While it feels like her Insta-fame came overnight, Sarah says that it’s been about 6 years of growth. She works with brands that she genuinely loves, some of which include Well.ca, Urban Decay, RBC, Booster Juice, Etsy, and Value Village, among many others. One of her most recent partnerships is with Knix. Sarah started as a customer who loved their products and felt strongly enough to share their messages on her own social media, even though she didn’t start working with them until recently.
Sarah tries to work with approximately four brands per month, about one to two brands per week, in order to minimize the number of sponsorships she exposes her followers to. “As much as it’s incredible when a brand comes alongside you, to support you, you also have to really respect why people are following you. And they are following you because they want advice, or they want to feel something from you, and when somebody comes to sponsor you, they’re not sponsoring you, they’re buying into the feed of the people that watch you and read you.” Sarah respects the relationship she has with her followers and wants to share the brands she genuinely loves.
Now partnered with Knix, Sarah commutes to Toronto once a week to meet with their team as a consultant. This includes working with ambassadors, participating in events, and a variety of other jobs the Knix team needs her to do.

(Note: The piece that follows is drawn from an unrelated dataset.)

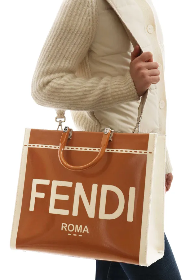 СУМКА-ШОПЕР SUNSHINE MEDIUM МОЛОЧНО-КОРИЧНЕВАЯ, КРУПНОЕ ЛОГО, ТЕКСТИЛЬНЫЙ РЕМЕНЬ
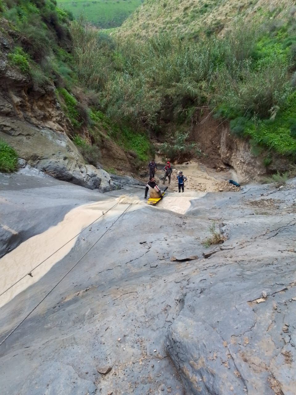 وتحركت مجموعات الدفاع المدني على الفور للموقع، وتمكنت من الوصول لمكان سقوط الشخص المصاب بعد المسير على الأقدام لمسافة ٢كم نظرا لوعورة المنطقة وتعذر سير الآليات عليها لا سيما في ظل الظروف الجوية السائدة، وتبين أن سقوط الشخص عن مقطع صخري في الوادي تسبب بإصابته بكسر في منطقة القدم.

With a significant increase in her following over the last year, Sarah has also noticed an increased number of negative feedback from people over social media, better known as “trolls.” She says that the bigger your following grows, the more people feel like they can dehumanize you. Sarah explains that while it will almost always hurt to hear these comments, she continues to speak from the heart and spread messages she’s passionate about.
Sarah says that her biggest tool that she uses to grow her following is her passion. She began to prioritize her words, and pair photos with strong captions in order to have her passion shine through.
Another tool she finds valuable is Instagram stories. She says that her stories are her strongest point of engagement with her followers: “in terms of my posts, I’ll usually get somewhere between 2,000 to 10,000 engagements, but my stories get about 25,000 views a day.”
Engagement with her followers is more valuable to Sarah than competition and pursuing popularity. “I just really stayed intentional with my own audience. If they came to follow me, I was going to stay intentional with them as much as humanly possible.”
She says that she spends about two to three hours each day engaging with her audience. “I really do believe that the best way to grow is through collaboration.”
Sarah doesn’t consider herself famous because, although she experiences moments of fame, she says her voice is smaller in the grand scheme of things. “It’s something that I could walk away from at any time and my life would probably be undisrupted from the everyday. A lot of people who have real fame never really get that back.”
Now at age 33, Sarah says she’s the happiest she’s ever been. “It’s not a status thing, it’s not a weight thing, it’s nothing like that, I just really really feel like even though life has kind of been up and down, I finally feel worth having a life that I’m excited about waking up for every single day.”
Sarah is grateful and proud that she was able to take things that she never thought was possible, like getting out of a bad marriage, or feeling happy with her body, or improving her mental health, and turn them into her reality. “All of these things that were basically mental roadblocks that I told myself were never going to change. And then I finally just started to push back on one of them and when you push back on one of them you’re like, ‘hey I can push back on more.’ And when you start pushing back on these roadblocks that you realize you’ve created yourself, you just start opening doors for more and more happiness.”
Although Sarah is enjoying where she is in her life now, she is excited about the future. Her short-term goals are to start a podcast, blog without pressure, and continue to build her voice through social media. She says she is taking some time for a “season of listening” because she is done trying to predict where life is going to take her.